The trial court otherwise noted that the household vehicle exclusion is not enforceable if the insured is seeking to stack the UIM coverage in question with UIM proceeds from another policy in order to circumvent the household vehicle exclusion. Here, however, there was no stacking of UIM coverage involved in the case and the carrier was found to have properly denied UIM coverage under the household vehicle exclusion.

Anyone wishing to review a copy of this decision may click this LINK.

Source: The Legal Intelligencer Common Pleas Case Alert, www.Law.com (March 27, 2025).

Source of image:  Photo by Alex Dos Santos on www.pexels.com.

Monday, June 9, 2025

Case Dismissed Due To Lack of Timely Service of Process


In the case of Trinkle v. Herndon, No. 8078-CV-2023 (C.P. Monroe Co. March 25, 2025 Zulick, J.), the court sustained a Defendant’s Preliminary Objections regarding the Plaintiff’s failure to promptly serve a Writ of Summons in a motor vehicle accident case and thereby dismiss the case.

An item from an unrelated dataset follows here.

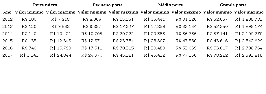 Posteriormente, realizou-se a classificação das cooperativas de crédito rural por porte/tamanho de atuação. Neste caso, utilizou-se a técnica adotada por Branco (2016) e Branco et al. (2017), separando as cooperativas de crédito em quartis a partir do critério o Input X3 (ativo total), no caso, a variável que apresentou maior desvio padrão em todas as amostras. Os valores particionados para cada ano são apresentados na Tabela 1, sendo o primeiro quartil associado às cooperativas de crédito rural de porte micro, o segundo às de pequeno porte, o terceiro às de porte médio e o último quartil às de grande porte.

According to the Opinion, following the subject motor vehicle accident that occurred on December 3, 2021, the Plaintiff filed a lawsuit on December 4, 2023.

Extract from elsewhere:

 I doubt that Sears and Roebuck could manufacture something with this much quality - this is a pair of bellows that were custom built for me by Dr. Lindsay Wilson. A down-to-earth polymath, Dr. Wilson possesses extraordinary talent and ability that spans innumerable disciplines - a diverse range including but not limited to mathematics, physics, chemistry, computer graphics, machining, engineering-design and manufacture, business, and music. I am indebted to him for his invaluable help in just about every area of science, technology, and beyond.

The Monroe County Sheriff issued an Affidavit of Return showing that no personal service was made on the Defendant at his/her last known address, which service was attempted on December 28, 2023.

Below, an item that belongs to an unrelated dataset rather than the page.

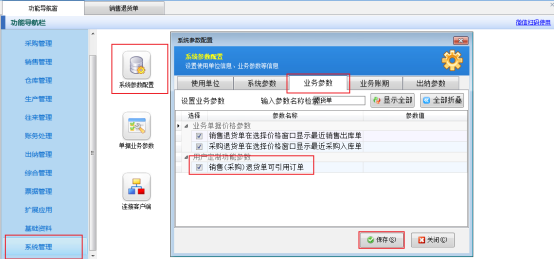 在功能導(dǎo)航窗點(diǎn)擊“系統(tǒng)管理”—》“系統(tǒng)參數(shù)配置”,進(jìn)入系統(tǒng)參數(shù)配置界面,點(diǎn)擊“業(yè)務(wù)參數(shù)”,勾選“銷售(采購)退貨單可引用訂單”參數(shù),點(diǎn)擊保存按鈕,如下圖所示:

There was then no further docket activity until May 8, 2024 when the Court ordered the Plaintiff to file for special service on or before August 6, 2024 because the docket did not reflect an affidavit of successful service of process.

On September 10, 2024, the Plaintiff’s attorney filed a Praecipe to Reissue the Writ of Summons. The Defendant was served thereafter on September 24, 2024.

The Plaintiff then filed a Complaint on January 14, 2025. The Defendant responded with Preliminary Objections seeking to dismiss the action due to the statute of limitations.

In his Opinion, Judge Zulick provided a detailed review of the law of the statute of limitations and the law regarding proper and prompt service of original process.

The Court noted that the Plaintiff had filed a Writ of Summons on the day that the statute of limitations were set to expire on the end of that day. Looking at the record before it, the Court found that date Plaintiff had failed to demonstrate that a good faith effort was made to complete service.

Plaintiff’s counsel pointed to the fact that he was out of the office for a period of time during 2024 due to medical issues and he also sited an error made by his office staff who thought that the Sheriff’s Affidavit filed on December 28, 2023 showed that service had been completed.

The Court noted that, despite these statements, the Plaintiff was put on notice by the Court’s Case Management Order of May 8, 2024 which specifically advised that service was not complete. That Order also directed the Plaintiff to complete service or file a Motion for Special Service by August 6, 2024. According to the Opinion, the Plaintiff did not comply with those Orders and, as such, the Court found that the Plaintiff failed to prove that the Plaintiff acted diligently in attempting to complete service on the Defendant with notice of the lawsuit.

Consequently, the Court ruled that the case must be dismissed due to the bar of the statute of limitations.